Dernière mise à jour : lundi 6 mai 2019, par Expositions

Du 20 octobre 2015 au 24 janvier 2016, une exceptionnelle rétrospective couvrant la carrière de Philippe Halsman.

Une quinzaine de stations de la RATP affichèrent alors certaines de ses photographies.

Présentation de l’artiste

Voir Présentations d’Artistes de A à Z

Philippe Halsman (Riga, 1906 / New York, 1979), né Letton, sera naturalisé Américain en 1949. Il découvre en 1921 le vieil appareil photo de son père, et parle de "miracle " lorsqu’il développe ses premières plaques de verre dans le lavabo de la salle de bain familiale.

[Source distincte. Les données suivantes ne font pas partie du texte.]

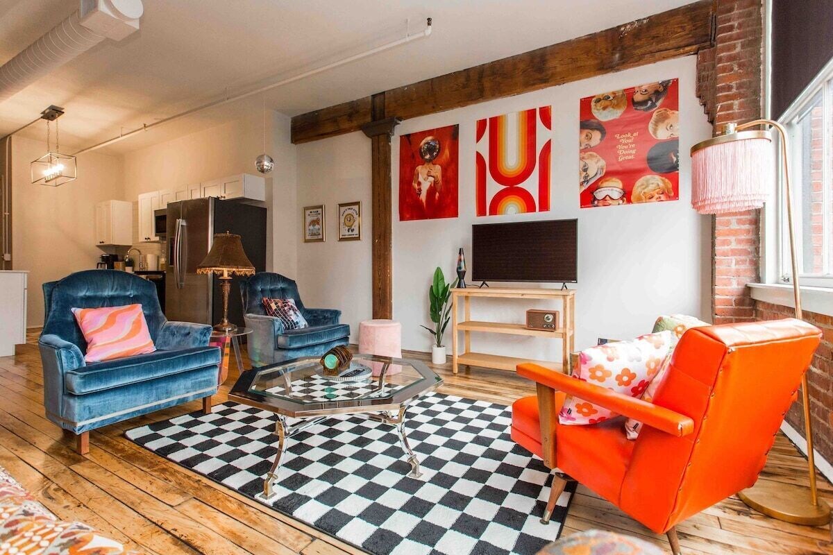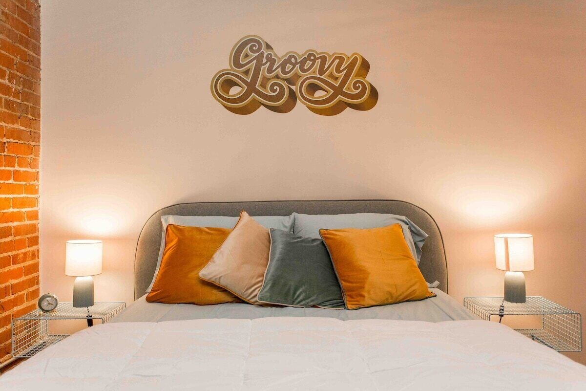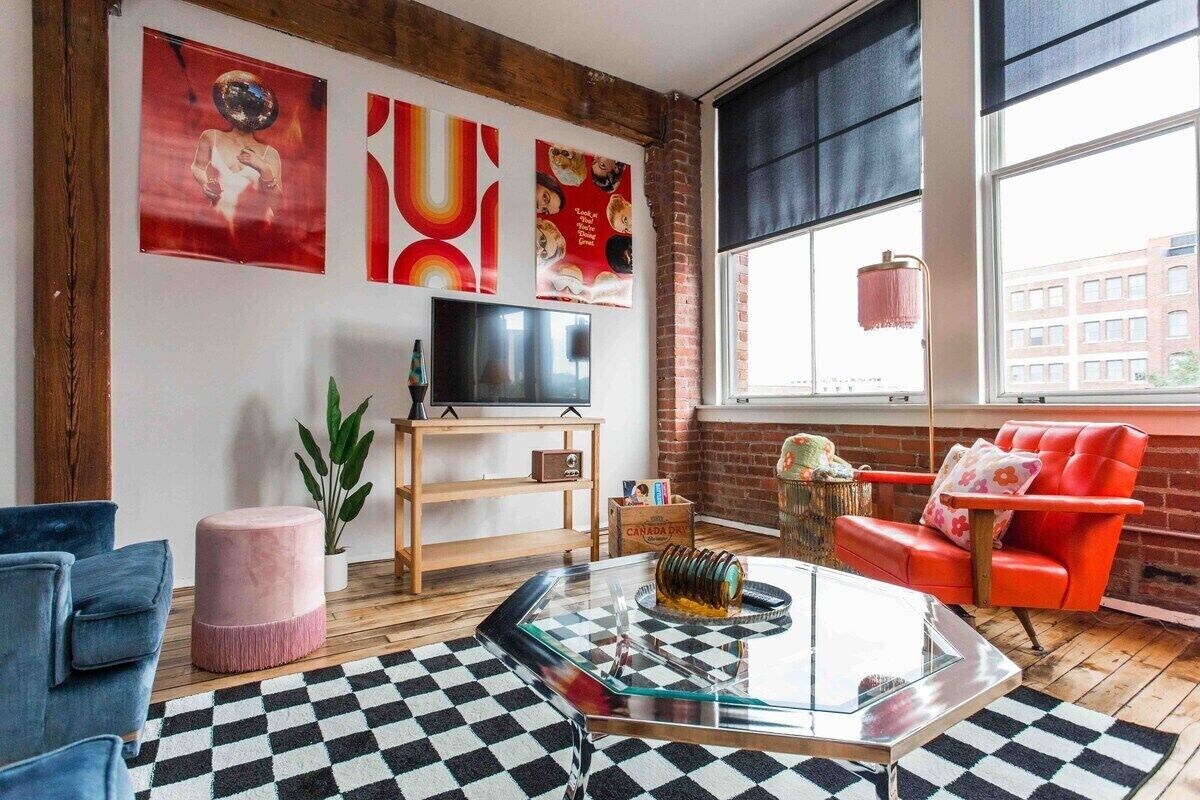 Hop in your time machine... retro vibes are calling your name! Designed with the traveler in mind, the space is stocked with amenities you want. WFH Desk space, fully stocked kitchen, bluetooth speaker, gym, game room, coffee bar, tons of seating & more! Located in the River Market. Walk to shops, restaurants, coffee, bars, plant shops, farmers market & more. Street car access to take you to the T-Mobile Center, Union Station and more. Highway access close by. Game room in the building! Available when you need me! Discover our vibrant, creative, and diverse community in downtown Kansas City's urban village. The hustle and bustle in the River Market centers on City Market, dating to 1857, where casual global eateries, gourmet grocery stores and indie boutiques surround pavilions host a farmers’ market EVERY WEEK! The highly sought after attraction, Arabia Steamboat Museum, displays paraphernalia salvaged from a ship that sunk in the Missouri River in the mid-19th century. The River Market includes broad paths for strolling and biking trace the shoreline in Berkley Riverfront Park. River Market is conveniently located on the Streetcar route. Home to the City Market mentioned above, for over 160 years it has been a top Kansas City destination for locals and visitors. Find fresh produce, local goods and restaurants galore! You’ll love it here! Guests have access to the unit and common areas of the building. Common areas include: the lobby, gym, and game room. Guests also have access to free street parking or a paid parking spot in the parking lot. Message me for paid parking details. 1 Bedroom Spacious Loft Sleeping Arrangements: -Queen Size Bed (Sleeps 2 people) -Air Mattress (Sleeps 2 people) -Sleeper sofa (Sleeps 2 people) Fully Stocked Kitchen Stainless Steel Appliances Coffee Maker - Keurig and Drip Closet Spacious Bathroom In Unit Washer and Dryer Work from Home Space Gym Game Room - in building Coffee Bar - in building Lounge Room - in building Private Parking Space (extra fee) Free street parking Free wifi Smart TV Kitchen island with bar stools Board Games Steamer Windows with fantastic city view Walkable Streetcar access STEPS away Guests can rent a car on Turo or any rental car service. Guests can Uber, Lyft, or use any ride share for quick transportation around KC. There are scooter companies you can ride around the KC like Bird. KC offers RideKC (bus) and Ride KC bike. There is a trolley car that you can take from the river market all the way to Crossroads (Union Station). It is free for the public. The residence is really close to restaurants, coffee shops, entertainment venues. Including the River Market board walk! If you need help getting anywhere please let me know and I can assist you. Free street parking. If you want a designated parking spot please message me for details before or during your stay. ABSOLUTELY NO PARTIES. ABSOLUTELY NO SMOKING. There is a potential for noise. This loft is in a building with other residents. Please be mindful of your own noise levels. Our prices include all fees. No hidden fees.

En 1928, il part en randonnée dans les Alpes autrichiennes avec son père, qui décèdera au cours de ce périple de graves blessures à la tête. Halsman est condamné, dans un climat déjà nettement antisémite, à 10 ans d’emprisonnement pour parricide. Il sera libéré en 1931, sous la condition de quitter définitivement l’Autriche.

À la fin de ses études d’ingénieur à Dresde, il viendra à Paris la même année grâce au soutien du ministre français Paul Painlevé (dont le fils Jean, cinéaste scientifique, lui offre à son arrivée l’un des meilleurs appareils photographiques du moment).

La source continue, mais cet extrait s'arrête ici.